De retour à ma voiture, je fais le tour de l’usine pour quelques prises de vues de l’extérieur, depuis la route et me gare juste après la grande grille de l’entrée principale. Je sors mon appareil pour regarder ce que j’ai saisi, et sirote un petit café. Une autre voiture se gare. Son conducteur passe à côté de moi et me regarde, méfiant. Il sort des clés de sa poche … et ouvre la grille de l’usine. J’ai du être aperçu lorsque j’étais dans la partie exposée. Je file et finirai mon café sur un parking de la nationale qui me reconduit chez moi. Sur le chemin du retour, je repense à la finesse et à la précision de ces machines.

L’histoire du lieu

Sans révéler trop d’indices, l’activité de cette merveilleuse usine débute dans la première moitié du XIXè siècle. A l’époque, la production bonnetière n’est pas totalement centralisée, mais éclatée dans les villages autour su site principal : la quasi totalité du tissage se fait à domicile, avec du financement ou des prêts de machines. Dans l’usine « mère » sont concentrées les fonctions administratives et de gestion de l’activité, ainsi que les ateliers mécaniques. Peu avant la Première Guerre Mondiale, seul 1/3 des 1000 employés travaillent sur le site de l’usine. Des voitures font régulièrement la navette vers ces petits ateliers disséminés autour du centre névralgique : ils apportent les matières premières, et récupèrent la production. Les contremaîtres s’assurent également du niveau de qualité de cette production réputée (mondialement) et de la bonne tenue des ateliers.

Le village d’implantation est fortement marqué par le rayonnement local de l’usine. Le directeur, en bon paternaliste social comme l’époque en connaissait, construira logements individuels et collectifs, et facilitera l’installation de commerces de proximité (boucherie, boulangerie, …) en offrant des conditions avantageuses à ces artisans. La santé est également prise en charge par l’industriel qui installe dentiste, infirmières et médecin dans les locaux de l’usine. Caisses de Prévoyance et de Retraite viennent compléter le tout. Les loisirs sont également pris en charge par l’entreprise : stade, salle des fêtes et cinéma. La Commune bénéficiera aussi d’aménagements techniques et patrimoniaux (église, école, …) financés par la famille d’industriels.

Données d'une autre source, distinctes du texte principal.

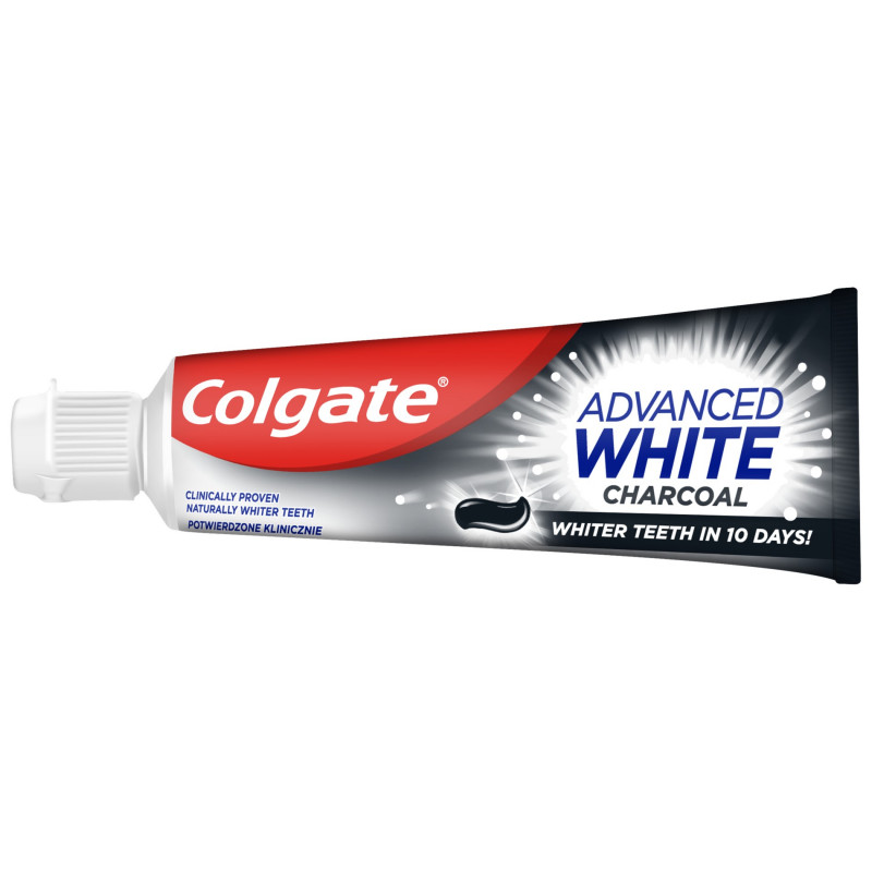 Pasta do zębów Colgate Advanced White Charcoal z systemem SmartFoam i węglem aktywnym usuwa przebarwienia powierzchniowe i przywraca naturalną biel zębów już w 10 dni. Jej skuteczność została potwierdzona klinicznie.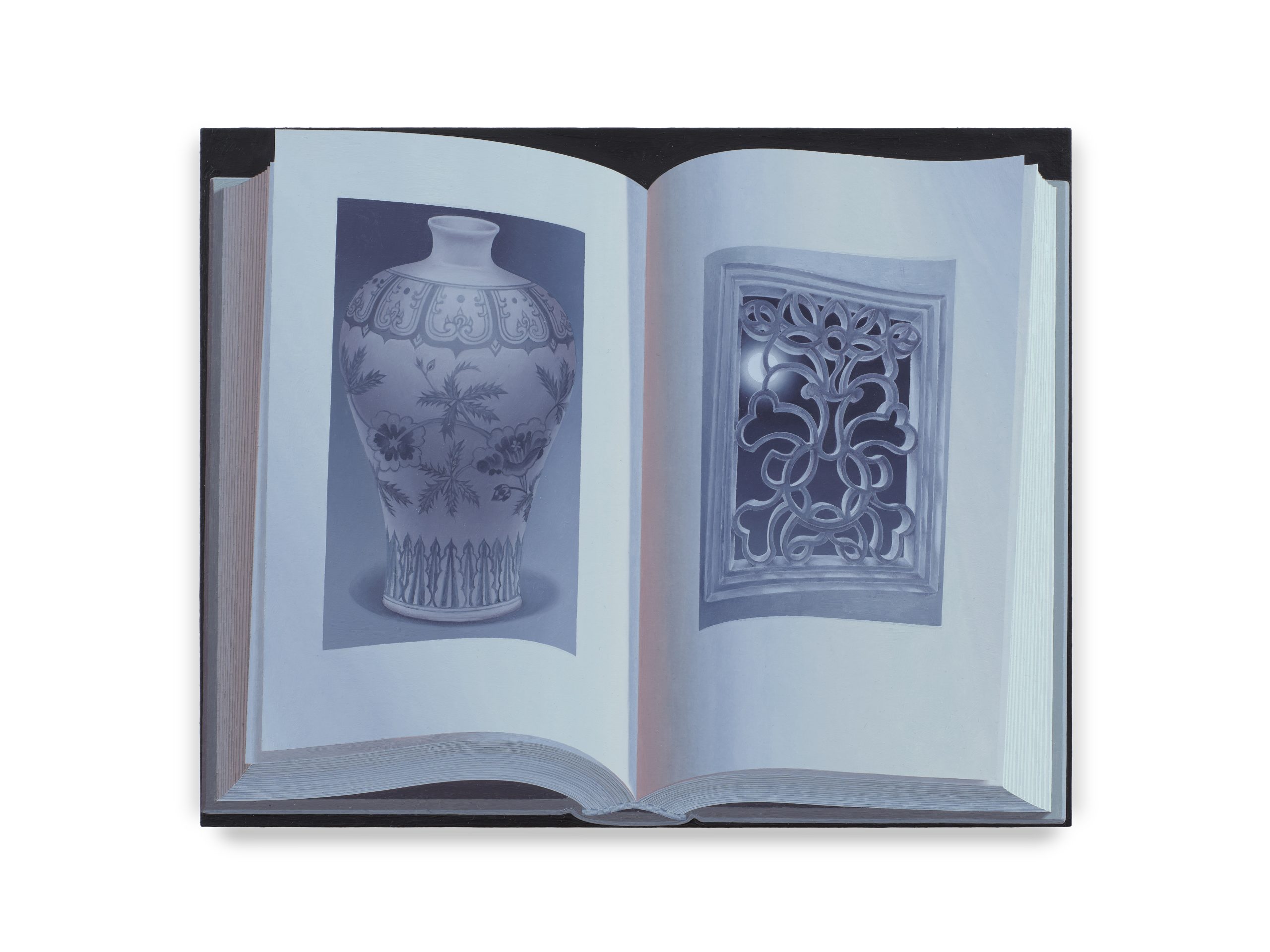 Olivia Jia, Night reading (Ming vase and moon through a garden window), 2025 Oil on panel20.3 x 25.4 cm Inquire Exhibitions Mirror stage

Certains services réservés aux employés dans un premier temps, seront ensuite ouverts à tous les habitants : garderie, pompiers, eaux usées …

La crise du textile des années 1980 marquera le début du déclin de cette belle aventure qui emploiera jusqu’à 1700 salariés. Les usines satellites ferment, le réseau des ateliers familiaux ne survivra pas après 1999, à l’aube du nouveau millénaire. L’entreprise se voit contrainte de céder à la Commune une partie de son patrimoine immobilier, et, se verra finalement placée en redressement judiciaire au début des années 2000. Cédée à un groupe haut de gamme, la production sera finalement délocalisée quelques années plus tard, les dernières heures de l’usine ont sonné. Elle fermera définitivement ses portes en 2011, licenciant la cinquante de salariés restant.